Just as there was more to his legacy, there was also so much more to his game.
For all that the joyously childlike skill of dribbling formed the core of his play, it was only one part of what was perhaps the most complete player in history.
It is telling that the 1986 World Cup final against West Germany was won not by a run, but a divinely insightful through ball out of almost nothing. With the game in the balance and the ball bouncing about a rugged centre circle, Maradona flicked it forward to release Jorge Burruchaga for the fateful final goal. The touch was almost as innocuous as it was inventive and immortal.
That entire Mexico 86 tournament was Maradona’s magnum opus, and probably the last - and maybe only - time that one player has so singularly dominated and defined a World Cup.
This will always elevate his legacy, and last as his gold-standard achievement against which everyone else is measured, but what marked his wider career was the way he elevated Napoli.
Just as that World Cup came in a different era of international football, when the World Cup truly represented the pinnacle of the sport, his time in Serie A came in a different era of club football.
There wasn’t the same collection of talent or financial disparity. It is almost unthinkable now that the world’s greatest player would go to an unfashionable provincial club that had never previously won a league title.
In four years with Maradona at his best, they’d won two, and it could have been more.
The associations with the Camorra and just how much influence they had on him and the club were another complication of his career, but almost fit the darker edges that it undoubtedly had.
So much of this came together in his masterpiece, the 1986 quarter-final against England.
In the 51st minute, he showed one side of his game, by deceiving the referee and so many others by rising to punch the ball into the net. Immediately after the game, Maradona had the sheer bravura to immortally describe it as ‘The Hand of God’. The sheer impudence of that was almost greater than what was to follow. Others - not least Peter Shilton and most of England - called it cheating.

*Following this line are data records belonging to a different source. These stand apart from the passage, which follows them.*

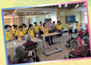
基督小先鋒的同學為護養院的長者表演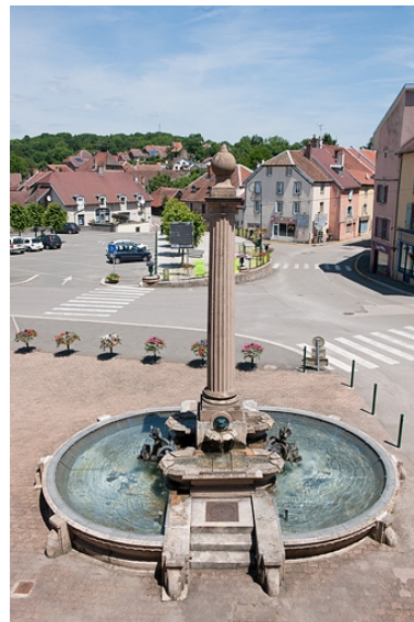
Vue générale plongeante, depuis la mairie. IVR43_20102501096NUC4A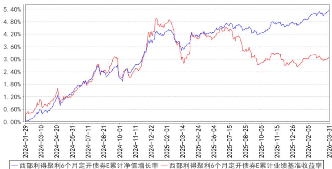
西部利得聚利6个月定开债券E累计净值增长率与同期业绩比较基准收益率的历史走势对比图

3) 西部利得聚利6个月定期开放债券型证券投资基金E(2024年01月29日至2026年03月31日)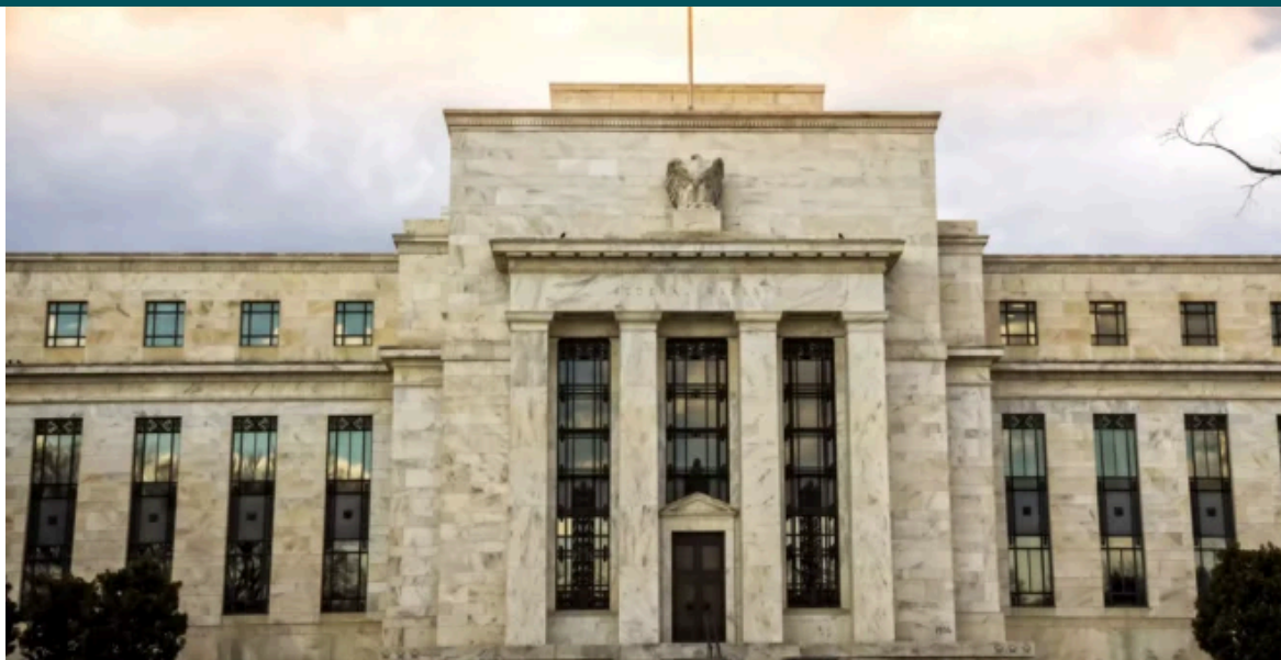
Federal Reserve, o Banco Central dos Estados Unidos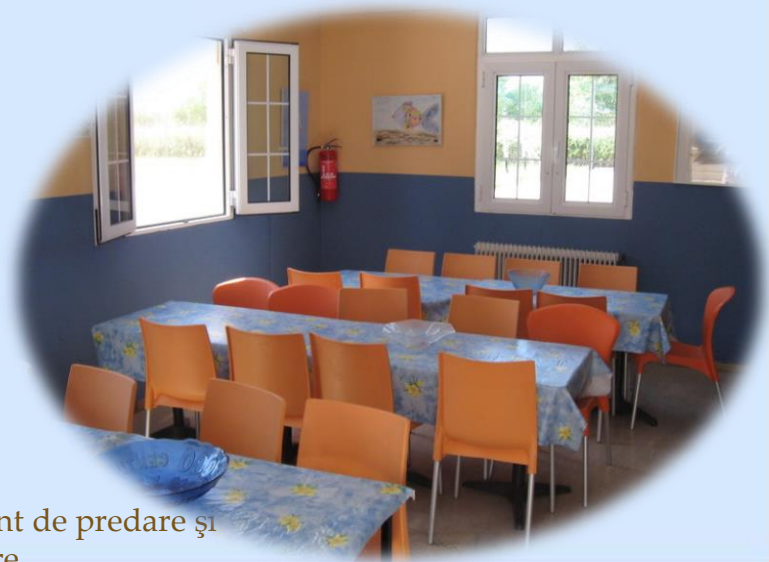
MOODLE- instrument de predare și învățare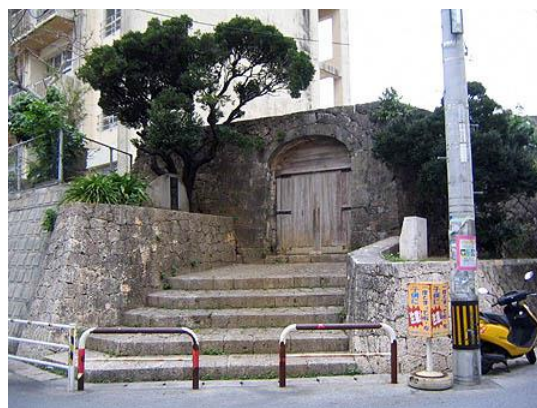
かみてんびぐうあと いしもん ⑩上天妃宮跡の石門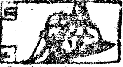
Enero tiene 31. dias la Luna 30.

Inicio del Año. Analogia Typhoco la continua jornada de remitir los Dioses con barba larga a la gran Nave, hasta que Regla mueren el Dios Pan estuviere convida en la tierra. Eso es, que con las continuadas bueltas del primer móvil buelan los años de un en vno, previniendo a los videntes de lo necesario a la vida humana, más que los Planetas cumplen su buelta, desde Occidente a Oriente, causando la queta el movimiento del hio de Hyppion, que es el Sol, quando llega al primer punto del signo Anul Aries, principio de las quatro Astrologicas. En este tiempo da un neblan la enorada Eglafu buena posada, pues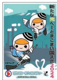
氷上のアスリートたちを応援しよう

2024年1月27日(土)~2月3日(土)、苫小牧市で「第78回国民スポーツ大会冬季大会スケート競技会・アイスホッケー競技会」が開催されます。北海道選手団をはじめ全国から集まる選手たちの活躍にぜひご注目ください。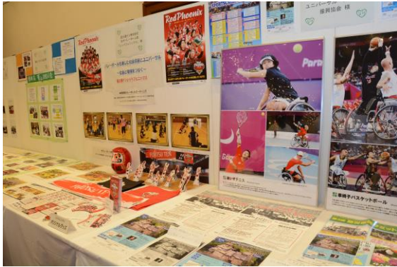
ひょうごユニバーサル社会づくり賞

また、会場には「ひょうごユニバーサル社会づくり賞」の受賞活動や福祉のまちづくり研究所の研究活動の展示も行われ、多くの参加者でにぎわいました。

Maradona always felt it was the street wisdom that was part of football and defined his own game as much as his talent. He was shameless about it.
That was perhaps because, in the 55th minute, he showed he didn’t need to cheat at all. Maradona went and scored perhaps the greatest goal of all time. He just went. The memory is of Maradona beating five England players, but the true ingenuity of the goal is that he didn’t really beat any of them. The threat of his trickery was enough.
It was a goal of so many dimensions and such inspiration that Bank of England governor Mervyn King offered the following insight from an economist’s perspective.
"The truly remarkable thing ... is that Maradona ran virtually in a straight line. How can you beat five players by running in a straight line? The answer is English players reacted to what they expected Maradona to do - run left or right - rather than what he actually did.”
Almost as memorable was what was said. As Maradona and his Argentine teammates released levels of joy on a par with the level of the goal, Morales came out with words in the commentary box that feel just as apt today.
“Always Maradona! Genius! Genius! I want to cry! Dear God, long live football! It is to cry! I’m sorry! What planet did you come from!? Thank God, for football, for Maradona, for tears.”
The last word, however, should go to the man himself. In Clarin’s deeply moving obituary of Maradona, they report what he said in 2005, when asked what his epitaph might be.
“Thank you for having played football, because it’s the sport that gives me greatest joy, the most freedom, and it is like touching the sky with your hands. Thanks to the ball, thank you to football.”
There are many images of incarnations of Maradona. The one that lasts is this folk hero, youthful and triumphant, joyously running with the ball.